Enhancing gravitational-wave detection: a machine learning pipeline combination approach with robust uncertainty quantification
Gregory Ashton, Ann-Kristin Malz, Nicolo Colombo
TL;DR
The paper tackles the challenge of interpreting multi-pipeline gravitational-wave detections by learning a data-driven combination of pipeline outputs and augmenting it with robust uncertainty quantification. It trains two simple classifiers (LR and MLP) on per-pipeline candidate features to improve detection efficiency beyond the traditional max $p_{astro}$ or max IFAR approaches, and then applies conformal prediction to yield calibrated, event-level confidence.
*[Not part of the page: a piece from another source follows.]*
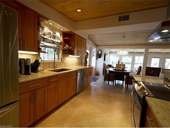 4% Commission to Buyer's Agent. A professional interior designer owns this custom turnkey 2/3 gulf access immaculate pool home in the wonderful neighborhood of Brookside. With a superb location only a couple miles from Downtown and the beach, Brookside is a classic boating community teeming with beautiful Florida wildlife and trees. This mid-century modern designer home has been thoroughly remodeled with new electric and plumbing (5 years) AC (3 years), metal roof (10 years) top of the line appliances and 36' Azek Dock with additional floating dock. Other luxurious upgrades include custom enormous heated L-shaped pool and cage, exotic granite countertops, marble bathrooms, outside lighting, landscaping, automated sprinklers, circular driveway, outdoor kitchen and shower and so much more. Across the street from the new luxury redevelopment triangle, this hot neighborhood is likely to appreciate in value. This beautiful home shows even better than the photos and is a must see for your pickiest Buyers. Listing Agent is related to Sellers.

The results show that ML-based fusion can boost ROC AUC, and CP provides a principled way to assign uncertainty to individual events, with notable implications for sub-threshold candidates like GW200311_103121. The work highlights practical benefits for GW catalogs and low-latency alerts, while outlining realistic limitations and avenues for future enhancements, such as more realistic training data, richer features, and multi-class extensions.
Abstract
Gravitational-wave data from advanced-era interferometric detectors consists of background Gaussian noise, frequent transient artefacts, and rare astrophysical signals. Multiple search algorithms exist to detect the signals from compact binary coalescences, but their varying performance complicates interpretation. We present a machine learning-driven approach that combines results from individual pipelines and utilises conformal prediction to provide robust, calibrated uncertainty quantification. Using simulations, we demonstrate improved detection efficiency and apply our model to GWTC-3, enhancing confidence in multi-pipeline detections, such as the sub-threshold binary neutron star candidate GW200311_103121.